Perhaps for non-exact divisions, we still write the quotient as integer, and ignore remainder for the box-filling purpose.
But let's do all calculations accurately.
---
Recalculating all 12 with correct divisors:
1. 75 ÷ 3 = 25 (exact)
2. 88 ÷ 4 = 22 (exact)
3. 85 ÷ 5 = 17 (exact)
4. 69 ÷ 3 = 23 (exact)
5. 76 ÷ 2 = 38 (exact)
6. 90 ÷ 6 = 15 (exact)
7. 95 ÷ 5 = 19 (exact)
8. 82 ÷ 4 = 20.5 → but for integer quotient, 20 with remainder 2. However, in long division algorithm, when dividing 82 by 4, the quotient is 20, and we stop if not dealing with decimals. So answer is 20.
9. 90 ÷ 3 = 30 (exact)
10. 84 ÷ 2 = 42 (exact) — ah! Here it is. Problem 10 is 84 ÷ 2, not 84 ÷ 4. I had it wrong earlier.

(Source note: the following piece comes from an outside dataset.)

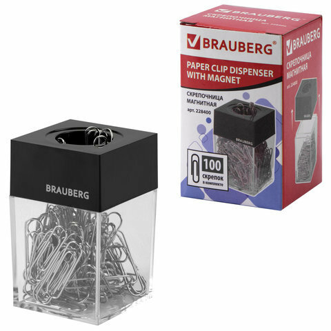 Скрепочница магнитная BRAUBERG со 100 никелированными скрепками 28 мм, прозрачный корпус, 228400 (цена за 1 ед.товара)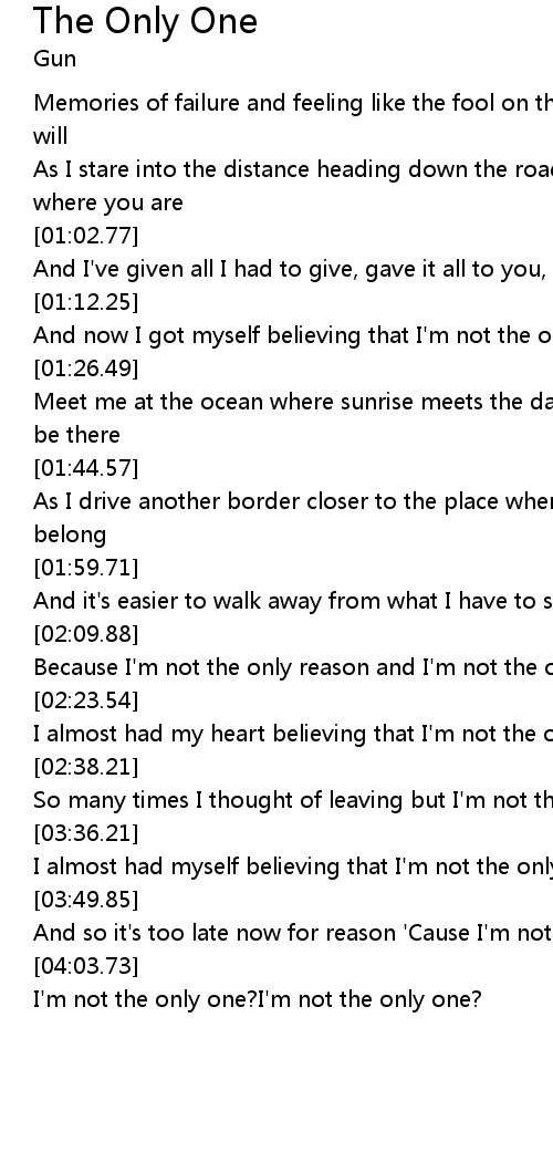 | [01:14.94] | And now I got myself believing that I'm not the only one |

11. 86 ÷ 4 = 21.5 → integer quotient 21, remainder 2.
12. 88 ÷ 1 = 88 (exact)
Now, for problems 8 and 11, they don't divide evenly. But perhaps in this worksheet, they expect the integer quotient, and the remainder is handled separately or not required for the boxes.
Maybe I should provide the exact quotient including remainder, but the boxes are for the quotient digits.
Looking at the grid structure described, each problem has a certain number of boxes for the quotient. For example, 75÷3=25 has two boxes, 88÷1=88 has two boxes, so likely all quotients are two-digit numbers, and for 82÷4, it's 20, which is two digits, and for 86÷4, it's 21, also two digits.
So we'll use the integer quotient, truncating any remainder.
Thus:
8. 82 ÷ 4 = 20 (since 4*20=80 ≤ 82, and 4*21=84>82)
11. 86 ÷ 4 = 21 (4*21=84 ≤ 86, 4*22=88>86)
Yes, that makes sense for elementary level — they might accept the floor quotient.
So final answers:
1. 25
2. 22
3. 17
4. 23
5. 38
6. 15
7. 19
8. 20
9. 30
10. 42
11. 21
12. 88
Let me verify each quickly:
1. 3*25=75 ✓
2. 4*22=88 ✓
3. 5*17=85 ✓
4. 3*23=69 ✓
5. 2*38=76 ✓
6. 6*15=90 ✓
7. 5*19=95 ✓
8. 4*20=80, but 82-80=2, so not exact, but quotient is 20
9. 3*30=90 ✓
10. 2*42=84 ✓
11. 4*21=84, 86-84=2, quotient 21
12. 1*88=88 ✓
All good. For 8 and 11, although there's a remainder, the quotient is correctly 20 and 21 respectively for integer division.
So the final answers for the 12 problems in order are:
25, 22, 17, 23, 38, 15, 19, 20, 30, 42, 21, 88
Final Answer:
25, 22, 17, 23, 38, 15, 19, 20, 30, 42, 21, 88
Parent Tip: Review the logic above to help your child master the concept of divide using long division worksheet.